Ariel no esconde su postura de narrador. Ha dividido el libro en versos sin que cada poema abandone su conflicto. Sirva de muestra la página 20: la casa recordará los castillos medievales donde cuelgan en las paredes los trofeos de cacería. El autor intentará escapar del interior de la mansión, no sin antes acariciar las pieles de las bestias disecadas y sentir su dolor. Cada trofeo será una distracción inevitable. Al final una voz, que se describe como dulce y que a mí como lector me suena escalofriante, le instará a quedase, a besarla. Y la besará. Quién sabe si por amor u obligado por ser sorprendido huyendo mientras duerme. ¡Quién sabe! Intentará correr nuevamente y nuevamente fracasará. Las pieles y su dolor atraerán sus manos en una manía patológica y retardarán su escape. Al lector le quedará la duda de si “la voz” realmente existe o es la soledad que grita desde todas las esquinas.

Ha llegado la primavera y la gente camina sujeta al suelo por el cansancio, como si el invierno fuera imposible de olvidar. Se notan aburridas y aún así caminan. Los niños se mesen en los columpios y dan la impresión de que todo vuelve, vez tras vez, a ser lo mismo. La rutina y su torpeza llena el espacio. El autor se suma a esa multitud, camina. O al menos eso dice. Tiendo a creer que desde la ventana observa con dolor el paisaje e imagina que sus paredes dejan de ser el límite.

Llego a la última sección.

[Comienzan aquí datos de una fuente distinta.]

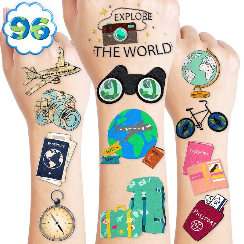 - TRAVEL THEME PARTY DECORATIONS: Your party will have the awesome experience all over the world if you choose our TRAVEL tattoo stickers. Travel tattoos collection include traveler costume, passport, suitcase, map, globe. You have no sadness at all replaced with excitement when you play with our tattoos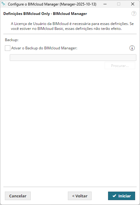 - Ativar o Backup do BIMcloud Manager: Marque esta caixa se você planeja criar backups de dados do BIMcloud Manager. Depois de marcar a caixa, você deve digitar (ou procurar) o caminho do local da pasta de backup.

El libro parece cada vez más breve y, sin embargo, la muerte asalta como la única salida del protagonista. La casa ha dejado de ser mencionada, pero es una alegoría que persiste. Ahora soy yo el que observa que los niños han vuelto y el ruido de los columpios es lo único que delata un tramo feliz.

Me movería al parque si no fuera más que otra farsa/

Es medianoche/

En el parque se detienen los columpios/

El olor a felicidad ajena me obliga a vomitar

A veces, acostumbrados a vivir de lo que a otros le sobra, nos negamos a creer que existe la abundancia. Los restos del dolor se anuncian en cada página: los transeúntes que pasean, las paredes de la casa, las bestias disecadas y hasta el invierno que insiste en golpear con sus recuerdos toda la consistencia de la primavera. Las puertas de escape han desaparecido para el último poema y el protagonista reprocha haber despertado. El silencio es desgarrador.